-- The problem --
Set down the full listing below word for word; pictures stay out of the copy.

*** Data segment ***

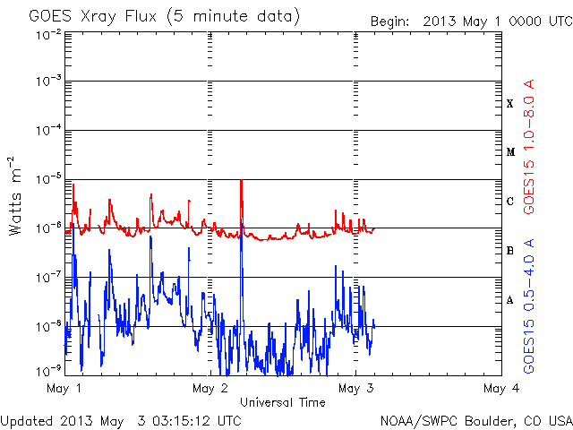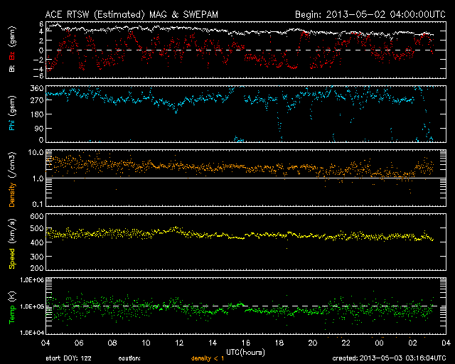 - 2013/ 5/ 1 11:43 太陽風の小規模の変動が到来しました。C9.6のフレアが発生しています。
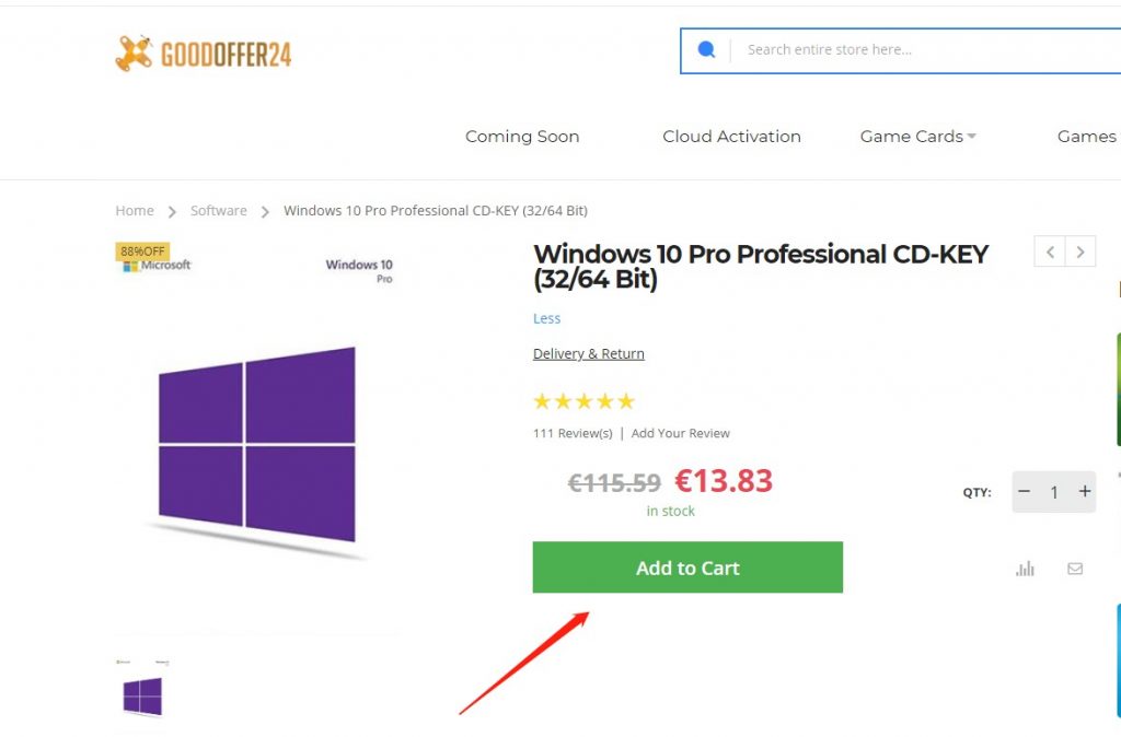 A Goodoffer24.com-on való vásárlás valóban olyan könnyű, mint amilyennek tűnik. Íme egy rövid magyarázat a Microsoft Windows 10 Professional Key vásárlásáról az TPLAYER15 kedvezménykód felhasználásával. Csak kattints a "Kosárba tesz" ("Add to cart") gombra az elem termékleírásában!
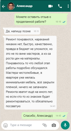 После заключения договора приступаем к ремонту. Продолжительность капитального ремонта составляет 20 дней, а косметического пять. Срок работы зависит от размера помещения и его особенностей.

***

-- Reply to the exercise --
 - 2013/ 5/ 1 11:43 太陽風の小規模の変動が到来しました。C9.6のフレアが発生しています。
 A Goodoffer24.com-on való vásárlás valóban olyan könnyű, mint amilyennek tűnik. Íme egy rövid magyarázat a Microsoft Windows 10 Professional Key vásárlásáról az TPLAYER15 kedvezménykód felhasználásával. Csak kattints a "Kosárba tesz" ("Add to cart") gombra az elem termékleírásában!
 После заключения договора приступаем к ремонту. Продолжительность капитального ремонта составляет 20 дней, а косметического пять. Срок работы зависит от размера помещения и его особенностей.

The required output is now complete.